The church needs to be experienced as a place of healing and restoration. In a world of brokenness, the church needs to be the place, maybe it can be the only place, where the broken places of our lives are brought back together like a beautiful piece of stained glass. In doing so, in that kind of healing and restoration work, we then individually and collectively become the masterpieces that we were designed to be.
The church can be – should be – a place of emotional and relational healing. In a world of high fences, boundaries, and gated entries, the church can be a place where we can belong, be known and be valued. We live in a world where inclusion often feels earned. The church is a place to belong – not because of who we are, but because we all share the same Creator and Redeemer. The church is a place to belong and be known as the unique combination of gifts and talents, of skill sets and passions that God has infused within each of us. The church is a place to belong, to be known, and to be valued because we are each infinitely and unconditionally loved and, each of us, created in the image of God.
Being known, being loved, and being valued allows us to be a part of a family that prays, plays, sings, and hopes together. There is strength and the capability for resilience that is present when we are members of this community of believers.
The church can be, and should be, a place of relational healing. The church draws people into a spiritual rhythm of life that is both comforting and restorative. We get reconnected to a life that is larger than ourselves. We receive and offer forgiveness and reconciliation in a world that demands its pound of flesh for every perceived slight. The church can be, and should be a place where grace abounds as we seek to offer the same grace that we receive from God so abundantly every day.
The church is a place of physical healing as well. As someone who has experienced 24 different surgery episodes, 30 different procedures in those surgeries, and just recently had a heart stent placed, I can speak to you of the healing power of the church. The prayers offered on my behalf and for my family have brought a comfort and strength that I firmly believe has made it possible for me to endure and move beyond physical brokenness. The prayers, support, and variety of pastoral ministries of the church has made it possible for me to experience reduced stress and longer, restful periods of recovery.
Emotional and relational healing, physical healing – the church is a place unique in its purpose that can bring these healing ministries about.

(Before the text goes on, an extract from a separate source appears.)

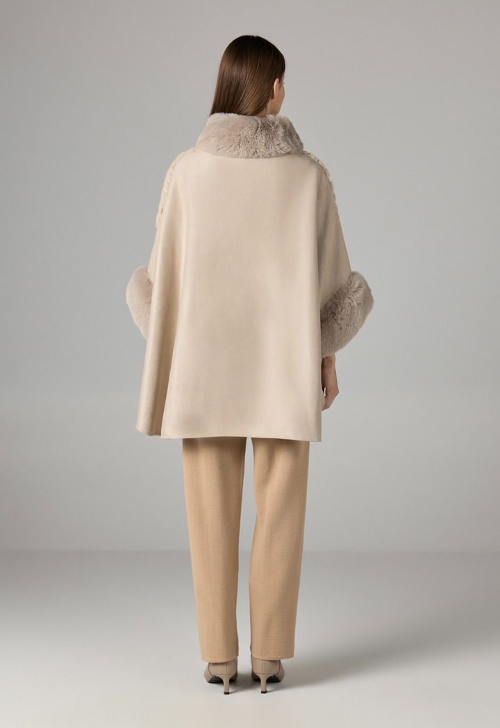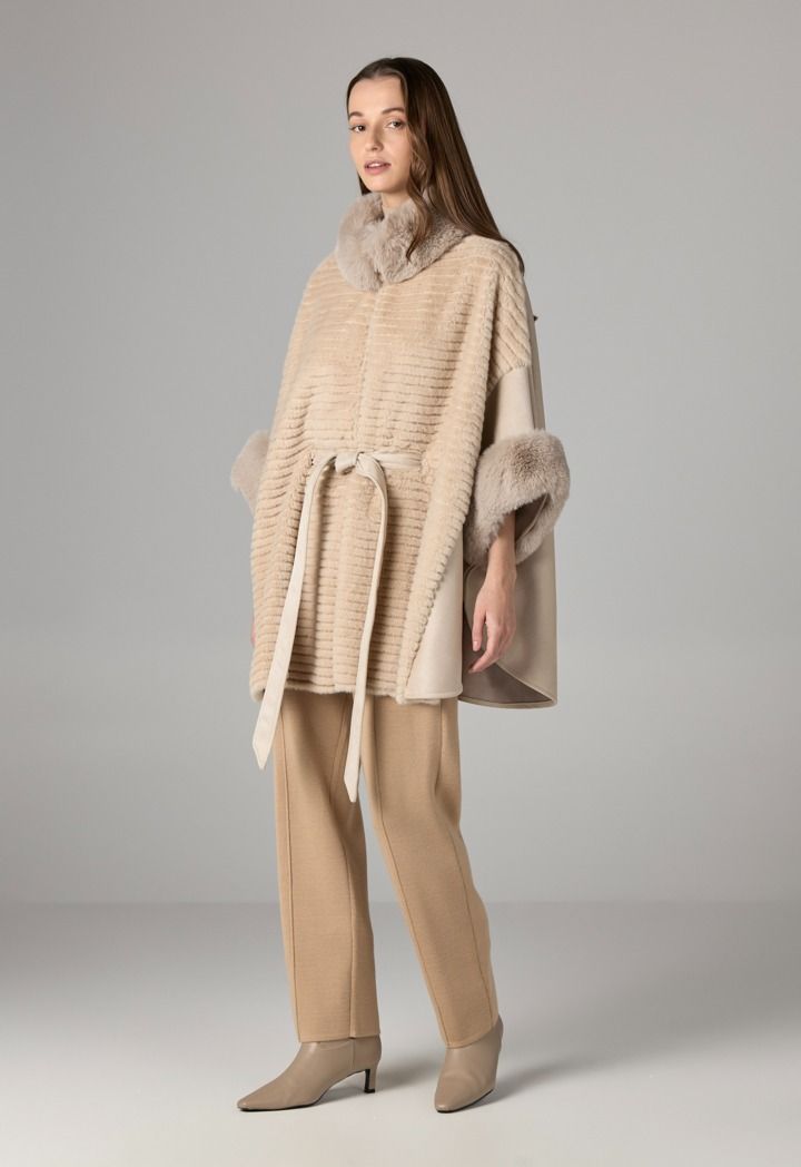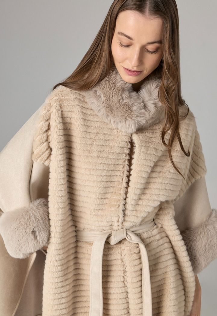 Unique poncho combining suede and faux fur for an elegant and prestigious look.

But most importantly, the church is a place of spiritual healing that brings life and vitality to all the other possibilities. Worship, prayer, Scripture and Godly fellowship remind us of who we are – the beloved of God and created in his image; and to whom we belong. Knowing that we are God’s own; knowing that we have been redeemed and reconciled through the gift and Sacrifice of Jesus himself; knowing that we have not been left alone and in fact have the Holy Spirit alongside us and within us is a profound and healing alternative to the loneliness, to the despair, to the fear, the lack of purpose that plagues so many outside the church. The church gives to us – or at least should give to us – a place to voice our strongest questions, to face our most demoralizing doubts and fears, a place to regain the hope and purpose offered to us in Jesus Christ.

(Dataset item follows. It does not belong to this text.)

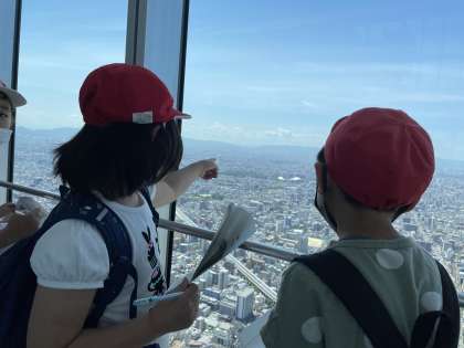 3年生が、あべのハルカス展望台から景色を見た時の声でした。社会科で大阪市について学習しますが、この社会見学では各グループごとに東西南北から見えるものを確認しながらワークシートに記録していきました。西側には、5月に遠足で行った海遊館も見つけることができ、楽しそうに活動できました。

The healing that the church offers is not only something that God does in us; the healing that God offers is something that God does amongst us, in the family, in the church. That healing is unique, priceless, and available to us when we show up, enter the family and open ourselves up to the faith community.
The world’s brokenness can feel overwhelming. But the Church heals one life, one family, one act of mercy at a time. Faith doesn’t wait for big solutions—it does the next right thing. It picks up the pieces and creates mosaics of infinite beauty and purpose. May we be a church family that offers….. healing. Amen.